INSTRUCTIONS FOR THE TASK
Reproduce word for word every line from the one containing "4 a,b,c Couples" to the final line of the data below; omit the pictures.

INFORMATION PROVIDED
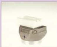
CO-8 IA Corner outside, 8 mm Article No.: 146.643
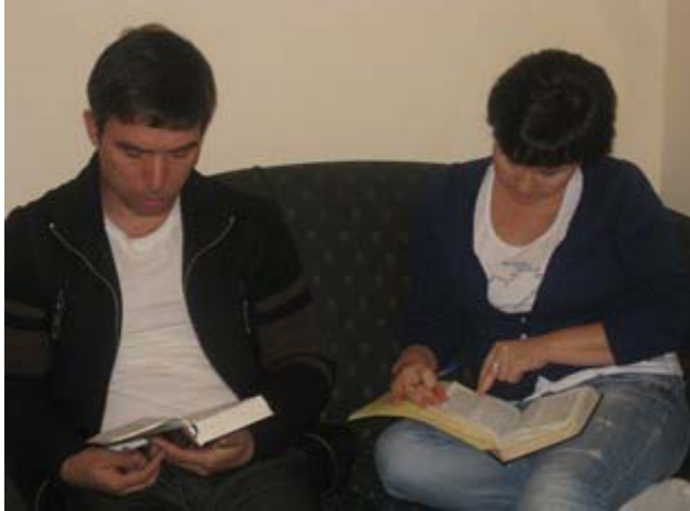
4 a,b,c Couples Petition the Lord to raise up new generations of husbands, wives and parents who will found their families on the Word of God
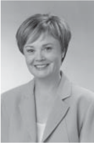
The Hon Dr Judy Edwards Minister for the Environment and Heritage

COMPLETED EXERCISE
4 a,b,c Couples Petition the Lord to raise up new generations of husbands, wives and parents who will found their families on the Word of God
The Hon Dr Judy Edwards Minister for the Environment and Heritage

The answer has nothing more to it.